Vector multiplication question

[Nabeshin]

I'm not sure where to put this question, since it deals with both physics and math, so I figured here would be a good starting point.

In the book of astrodynamics I'm currently reading, I came across this expansion:

$$(\vec{r}\times\vec{v})\times\vec{r}=[\vec{v}(\vec{r}\cdot\vec{r})-\vec{r}(\vec{r}\cdot\vec{v})]$$

Can anyone explain how this result is arrived at?
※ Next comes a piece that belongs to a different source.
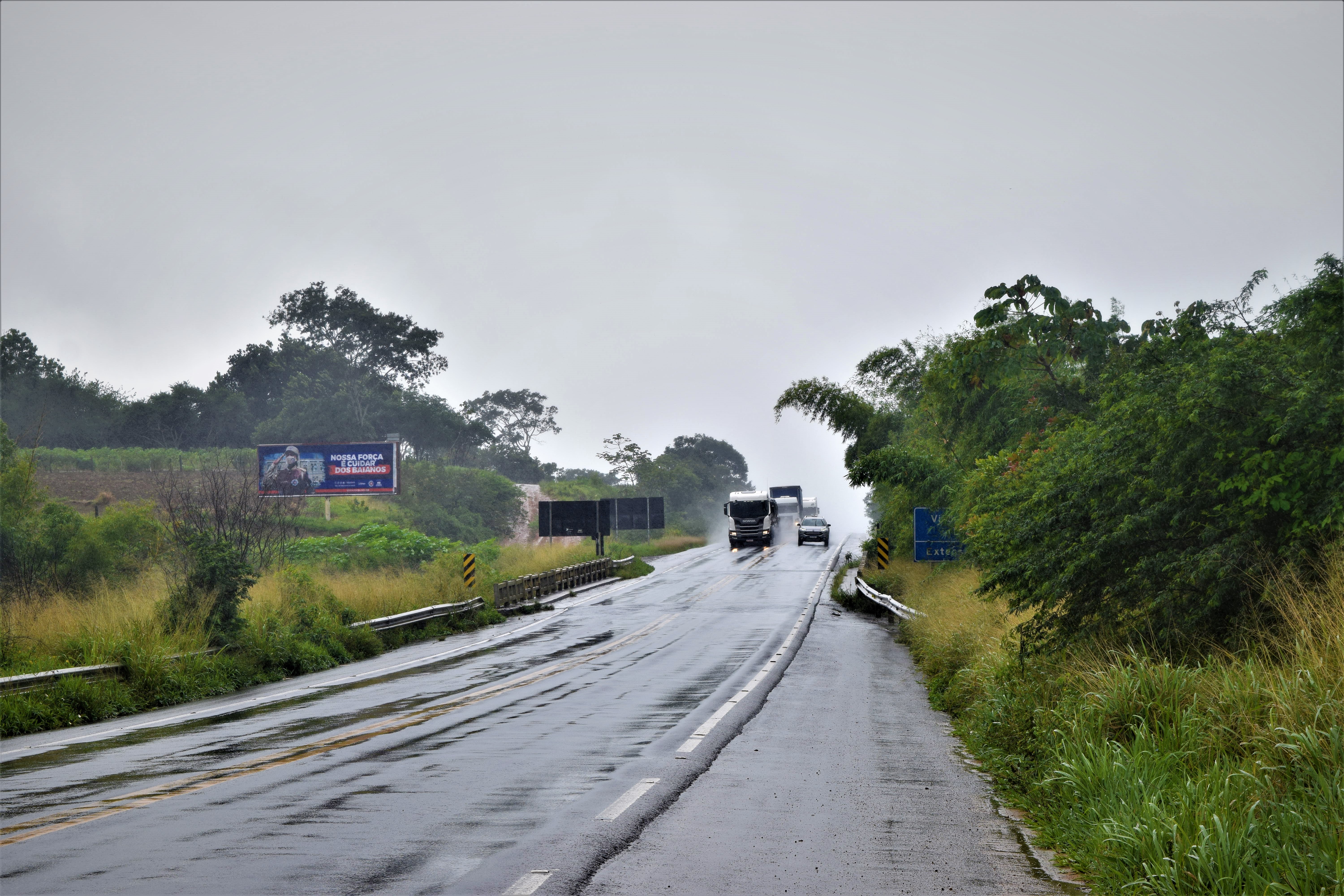 Não ultrapasse em faixa contínua, sinalização típica de locais com pontes e trechos de visibilidade restrita (curvas e aclives);

If any physical significance is needed, r is a position vector and v its derivative with respect to time, the velocity vector.

 

[element4]

Well, the standard way is just to use the vector triple product (Lagranges formula, see http://en.wikipedia.org/wiki/Triple_product#Vector_triple_product"):

$$\vec{a}\times (\vec{b}\times \vec{c})= \vec{b}(\vec{a}\cdot\vec{c}) - \vec c (\vec a\cdot \vec b)$$
(also know as the BAC CAB rule)

This relation can easily be proved, by calculating both sides (just insert $$\vec {a} = (a_1,a_2,a_3)$$ and so on).
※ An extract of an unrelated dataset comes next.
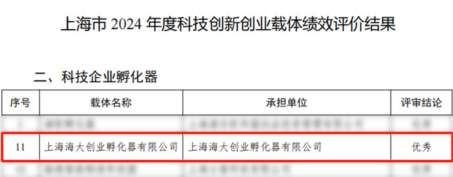 近日,2024年度上海市科技创新创业载体评价结果公示,上海海洋大学国家大学科技园(以下简称科技园)运营单位上海海大创业孵化器有限公司在此次评价中首次获评“优秀”。这一荣誉的获得,标志着上海海大创业孵化器有限公司在科技创新创业领域取得的显著成效和卓越贡献,得到了业界的广泛认可和高度评价。

In your case we have, $$\vec a = \vec c \equiv \vec r$$ and $$\vec b \equiv \dot{\vec r} = \vec v$$.

 

[Nabeshin]

Ah, thank you very much :) Simply a formula I was not familiar with.

 

[HallsofIvy]

? The "triple product" is just the same as the product asked about so I don't see how that answers your question, except to say "yes, it is a well known calculation". Of course, the way to see that it is true is to use some general <a, b, c>, <x, y, z> for $\vec{r}$ and $\vec{v}$.

For a little more "intuitive" insight, we know that $\vec{r}\times\vec{v}$ is perpendicular to both $\vec{r}$ and $\vec{v}$ so the result of any vector cross $\vec{r}\times\vec{v}$ must be perpendicular to that vector and so in the plane spanned by $\vec{r}$ and $\vec{v}$ and can be written as a linear combination of them: $a\vec{r}+ b\vec{v}$. But $(\vec{r}\times\vec{v})\times \vec{r}$ must also be perpendicular to $\vec{r}$ so we must subtract off any projection onto $\vec{r}$. That is the "$\vec{r}(\vec{r}\cdot\vec{v}$" part.